Sebi Simplifies Rules for FPI Govt Bond Investments
Jun 18, 2025 20:11
Sebi eases regulatory compliance for FPIs investing solely in Indian government securities, aiming to attract more long-term bond investors. Changes include harmonized KYC reviews and relaxed reporting requirements.
Illustration: Dominic Xavier/Rediff.com
New Delhi, Jun 18 (PTI) Markets regulator Sebi on Wednesday decided to simplify rules and ease regulatory compliance for Foreign Portfolio Investors (FPIs) that invest exclusively in Indian government securities (G-Secs).
The move is aimed at attracting more long-term bond investors to India.
Currently, foreign investors invest in Indian debt through three routes -- General, Voluntary Retention Route (VRR) and the Fully Accessible Route (FAR).VRR and FAR allow investments without many restrictions, such as security-wise or concentration limits.
"With an objective to enhance ease of doing business through a risk-based approach and optimum regulation, the board approved the proposal to relax certain regulatory requirements for all existing and prospective FPIs that exclusively invest in G-Secs. These measures are expected to further help in facilitating investments by FPIs in G-Secs, " Sebi said in a statement after the conclusion of the board meeting.
This comes in the wake of increasing interest in the country's debt market through routes such as VRR and the FAR.
Under the approved relaxations for FPIs investing in G-Secs, the periodicity of mandatory KYC review for such FPIs will be harmonised with RBI's requirements. Accordingly, such foreign investors will have less frequent mandatory KYC reviews.
Further, existing and prospective FPIs that invest in G-Secs under the FAR would not be required to furnish investor group details.

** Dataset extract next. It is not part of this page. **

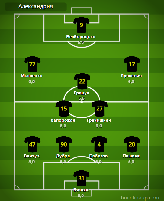 Александрия: Билык – Вантух, Дубра, Бабогло, Пашаев – Запорожан (Ковалец, 46), Грицук, Гречишкин – Мышенко (Задерака, 46), Безбородько (Ситало, 82), Лучкевич.
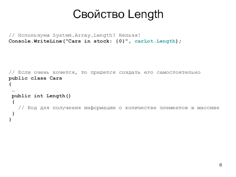 Console.WriteLine("Cars in stock: {0}", carLot.Length);

"Non-resident Indians, Overseas Citizens of India and Resident Indians Individuals shall be permitted to be constituents of GS-FPI without any restrictions applicable to other FPIs, including being in control of GS-FPIs. The conditions regarding the Liberalised Remittance Scheme and in global funds whose Indian exposure is less than 50 per cent shall continue to apply," Sebi said..
With regard to the timeline for disclosing material changes, the regulator has decided a uniform 30-day window for all material change disclosures for IGB-FPIs. At present, FPIs are required to report key changes within 7 or 30 days based on the type of change.
Sebi said that identification as GS-FPI at the time of on-boarding and transition of existing as well as prospective FPIs to GS-FPIs and vice-versa, shall be subject to conditions as may be specified by the board of Sebi.
India's inclusion in major global bond indices-- JP Morgan, Bloomberg, and FTSE--is expected to bring more foreign investments..
According to Sebi data, FPI investment in FAR-eligible bonds has already risen significantly, reaching over Rs 3 lakh crore (USD 35.7 billion) by March 2025.